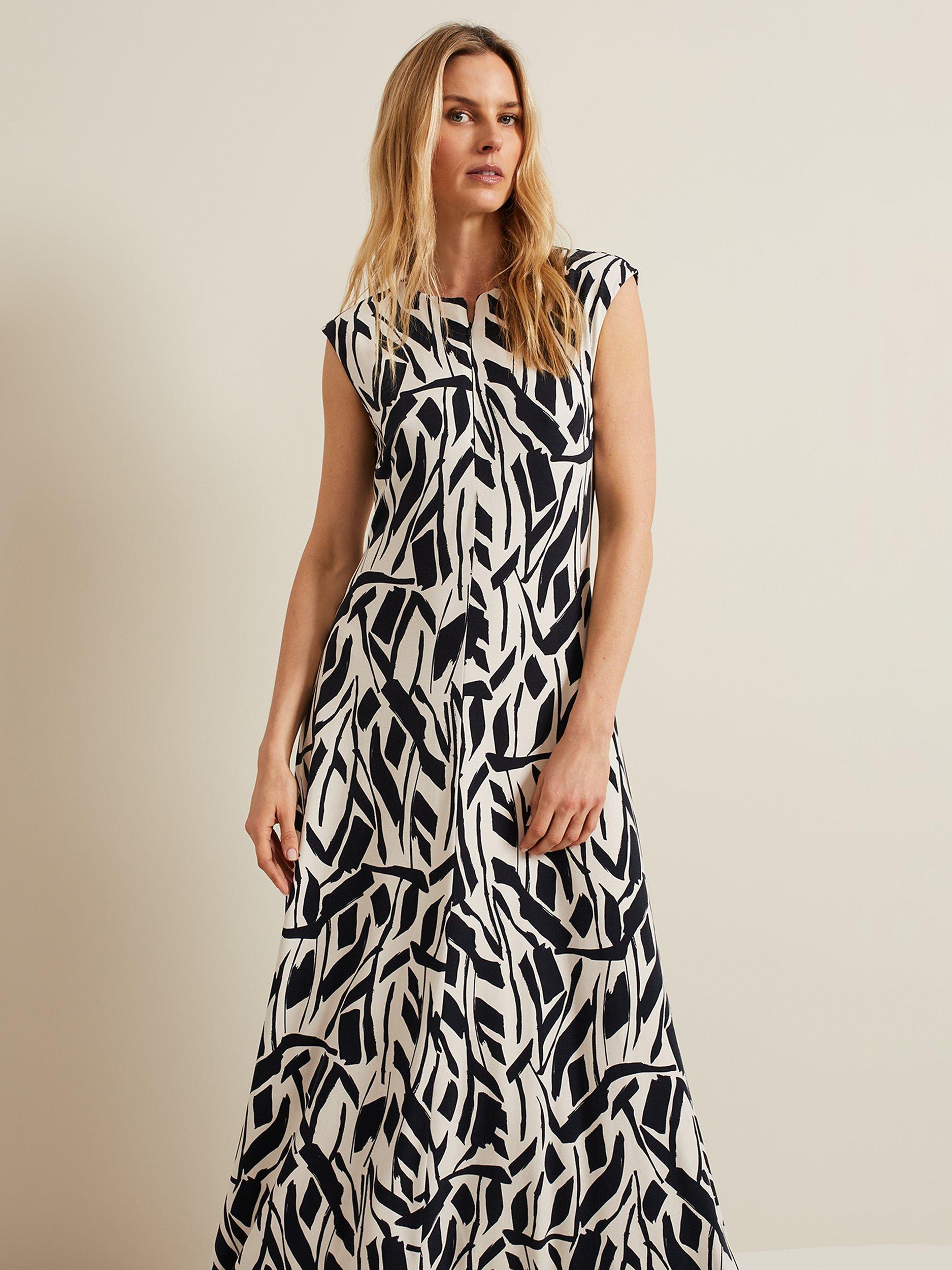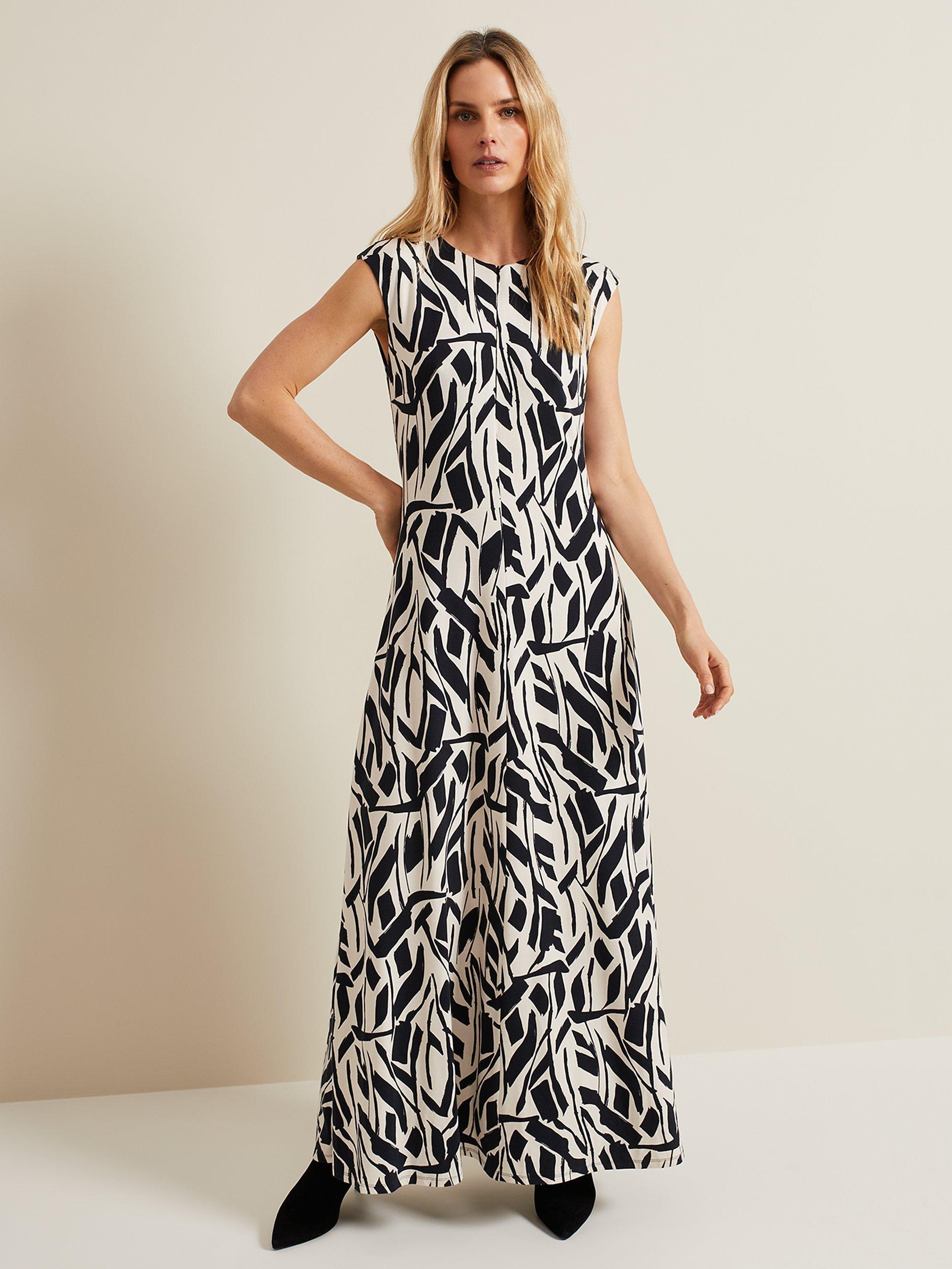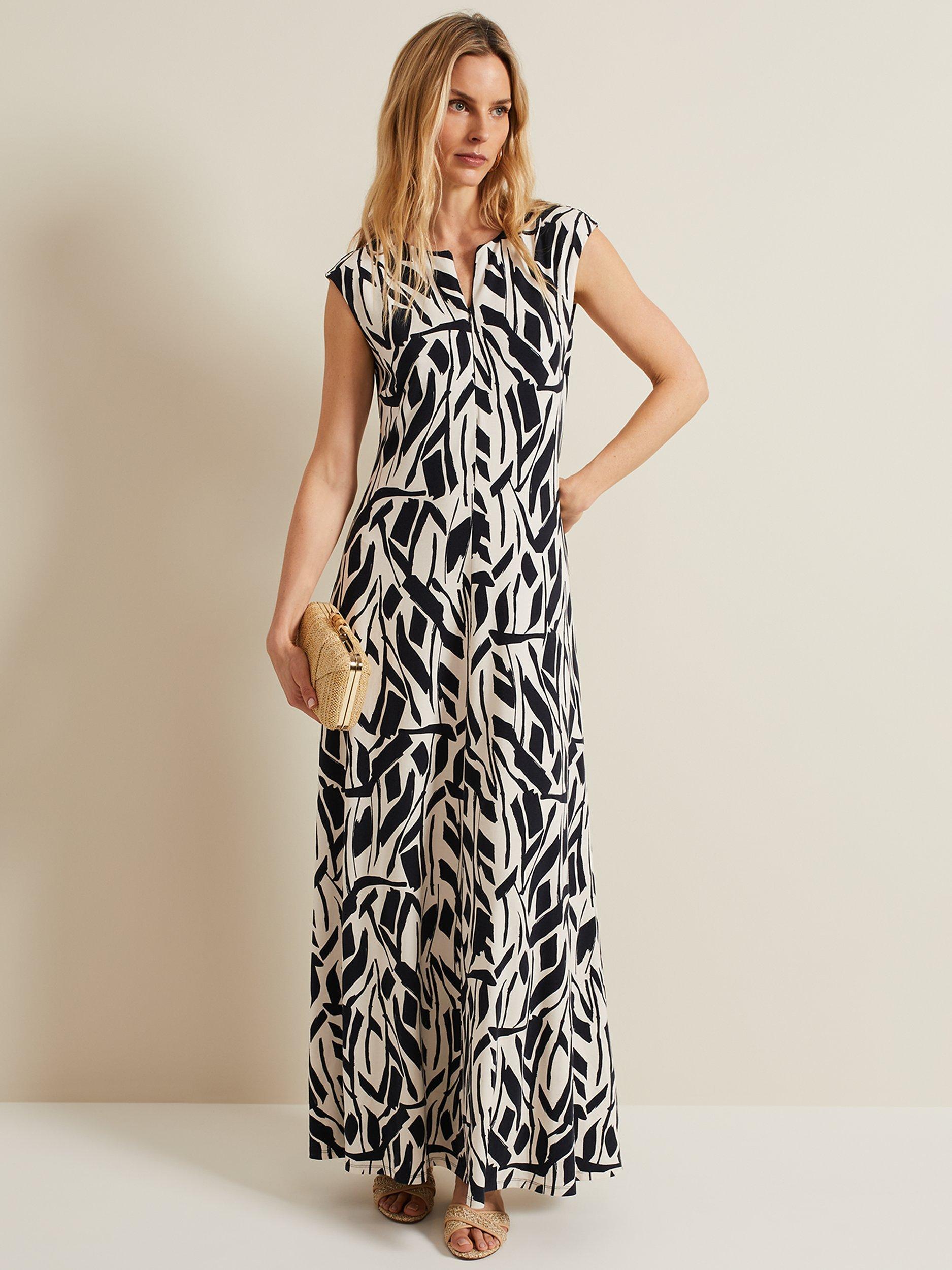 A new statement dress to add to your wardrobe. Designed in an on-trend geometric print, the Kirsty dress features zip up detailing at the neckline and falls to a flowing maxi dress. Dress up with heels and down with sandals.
***
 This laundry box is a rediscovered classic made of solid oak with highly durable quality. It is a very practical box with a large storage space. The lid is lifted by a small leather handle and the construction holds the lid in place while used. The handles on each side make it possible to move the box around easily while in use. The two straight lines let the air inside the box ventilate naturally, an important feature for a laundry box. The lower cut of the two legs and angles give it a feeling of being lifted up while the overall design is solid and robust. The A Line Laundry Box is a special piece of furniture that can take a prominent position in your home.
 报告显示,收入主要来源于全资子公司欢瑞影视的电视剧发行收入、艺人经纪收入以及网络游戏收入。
***
#### INSTRUCTIONS FOR THE TASK
Extract from the records above the lines from the one containing "This laundry box" to the one containing "报告显示,收入主要来源于全资", both lines included, exactly as they appear and with nothing else.

#### TASK SOLUTION
 This laundry box is a rediscovered classic made of solid oak with highly durable quality. It is a very practical box with a large storage space. The lid is lifted by a small leather handle and the construction holds the lid in place while used. The handles on each side make it possible to move the box around easily while in use. The two straight lines let the air inside the box ventilate naturally, an important feature for a laundry box. The lower cut of the two legs and angles give it a feeling of being lifted up while the overall design is solid and robust. The A Line Laundry Box is a special piece of furniture that can take a prominent position in your home.
 报告显示,收入主要来源于全资子公司欢瑞影视的电视剧发行收入、艺人经纪收入以及网络游戏收入。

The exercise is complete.